# Have you ever danced ??



## youngdon (Mar 10, 2010)

An old prospector shuffled into town leading an old tired mule.

The old man headed straight for the only saloon to clear his parched throat.

He walked up and tied his old mule to the hitch rail. As he stood there, brushing some of the dust from his face and clothes, a young gunslinger stepped out of the saloon with a gun in one hand and a bottle of whiskey in the other.

The young gunslinger looked at the old man and laughed, saying, "Hey old man, have you ever danced?"

The old man looked up at the gunslinger and said, "No, I never did dance...Never really wanted to."

A crowd had gathered as the gunslinger grinned and said, "Well, you old fool, you're gonna dance now," and started shooting at the old man's feet.

The old prospector --not wanting to get a toe blown off-- started hopping around like a flea on a hot skillet. Everybody was laughing, fit to be tied.

When his last bullet had been fired, the young gunslinger, still laughing, holstered his gun and turned around to go back into the saloon.

The old man turned to his pack mule, pulled out a double-barreled shotgun, and cocked both hammers.

The loud clicks carried clearly through the desert air.

The crowd stopped laughing immediately.

The young gunslinger heard the sounds too, and he turned around very slowly. The silence was almost deafening.

The crowd watched as the young gunman stared at the old timer and the large gaping holes of those twin barrels.

The barrels of the shotgun never wavered in the old man's hands, as he quietly said, "Son, have you ever kissed a mule's butt?"

The gunslinger swallowed hard and said, "No sir..... But... I've always wanted to."

There are a few lessons for us all here:

Never be arrogant.

Don't waste ammunition.

Whiskey makes you think you're smarter than you are.

Always, always make sure you know who has the power.

Don't mess with old men, they didn't get old by being stupid.


----------



## Mattuk (Oct 16, 2010)

Very good Don. Coming from a wise person!


----------



## bones44 (Jan 7, 2011)

That's a great one Don !!


----------



## hassell (Feb 9, 2010)

Yes real life experiences minus the shooting part, can I substitute the mule for the tractor.


----------



## youngdon (Mar 10, 2010)

Mattuk said:


> Very good Don. Coming from a wise person!

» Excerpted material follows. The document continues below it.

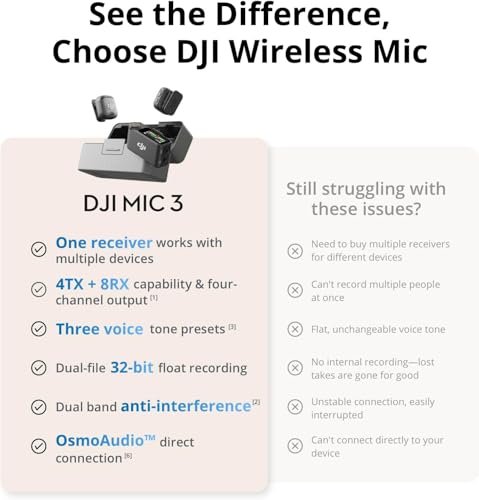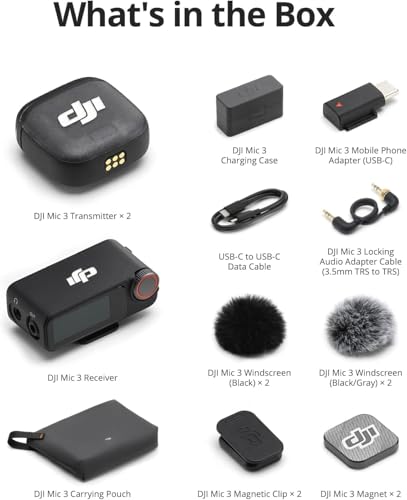 - يتضمن اثنين من ميكروفون DJI 3 TX، واحد RX، علبة شحن، محول ميكروفون 3 للهاتف المحمول (USB-C)، وأكثر من ذلك. سجل صوتين بسهولة وحافظ على طاقتك لمدة تصل إلى 28 ساعة من التصوير.
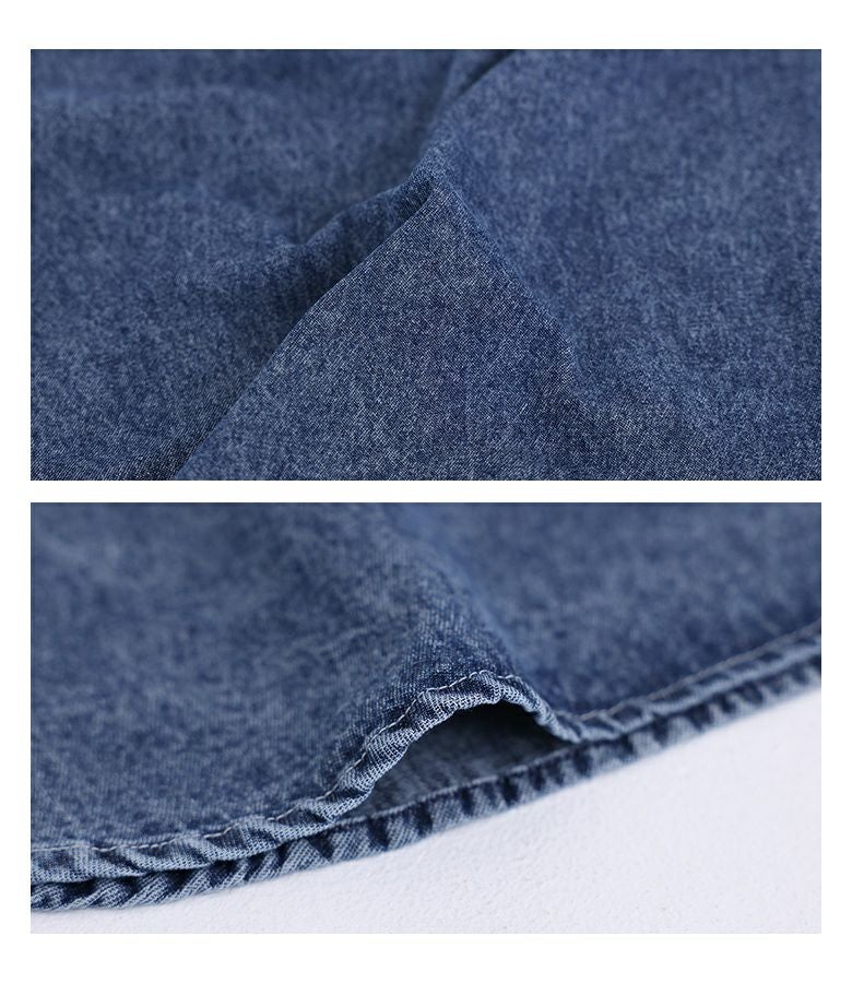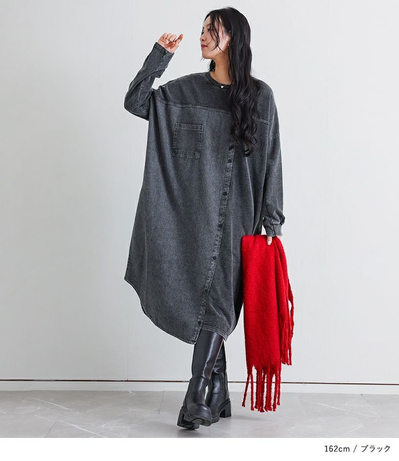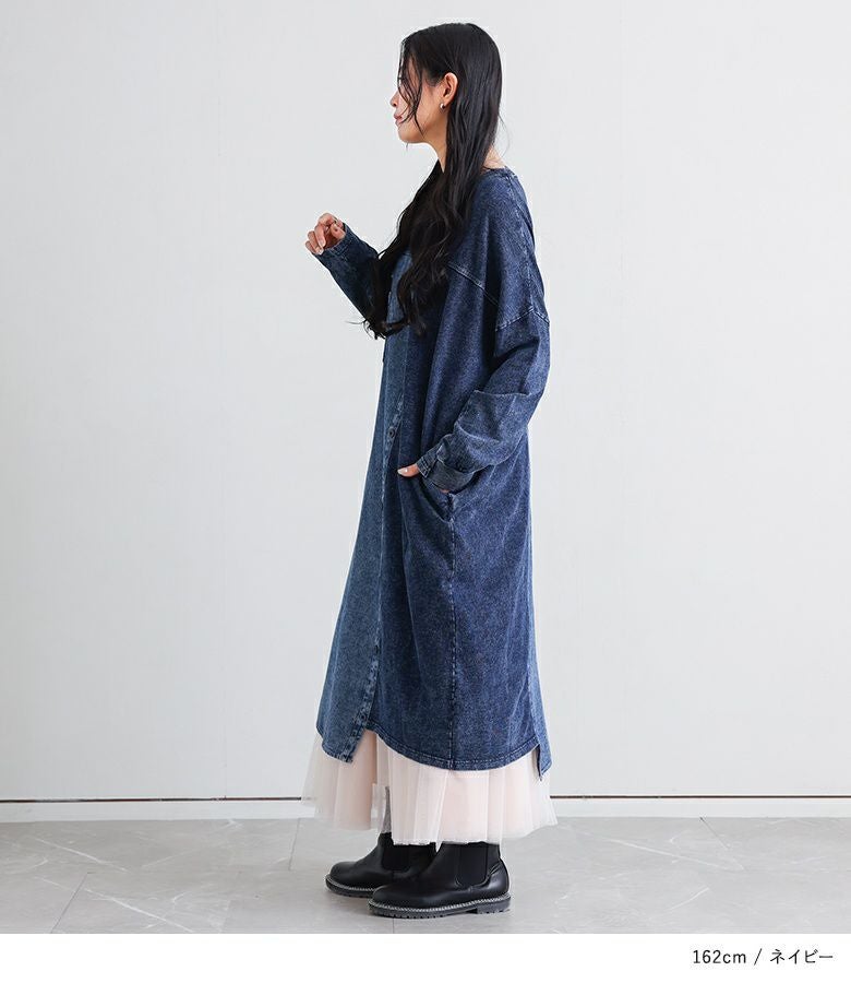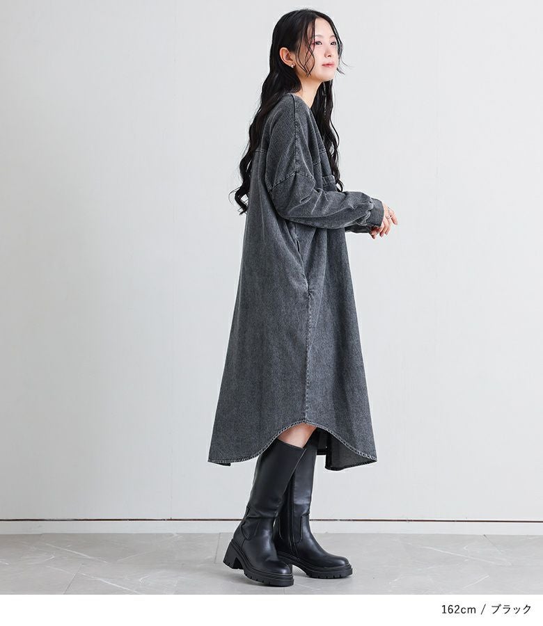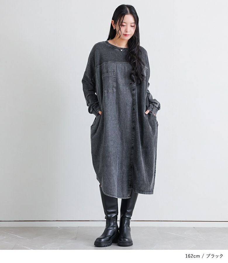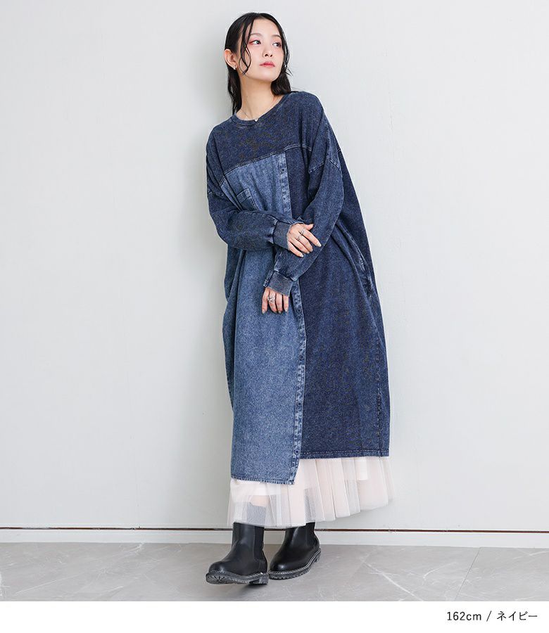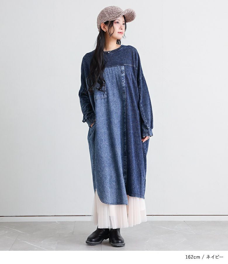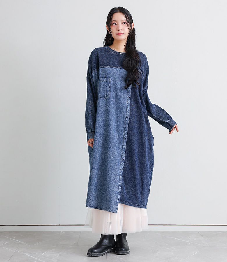 配色切り替えがお洒落なデニムワンピース。

LOL Wise enough to know a wiser person when I meet them.....Rick !


----------



## Antlerz22 (Apr 18, 2011)

Very fitting, age out thinks brash antics and momentary lapses of judgement. And in turn teaches humility and respect in demeaning ways. Hell of a teacher that school of hard knocks.


----------



## Helmet_S (Mar 18, 2010)

I think this gets at a bigger point. I believe that the problem with our culture is that we can't be taught these types of lessons the hard way anymore. Granted I am not old at 28 but even when I was a kid the bully eventually got beat up and now days the bully just gets time out.

To many tree hugging people around that area afraid to offend someone or to get hurt doing the right thing.


----------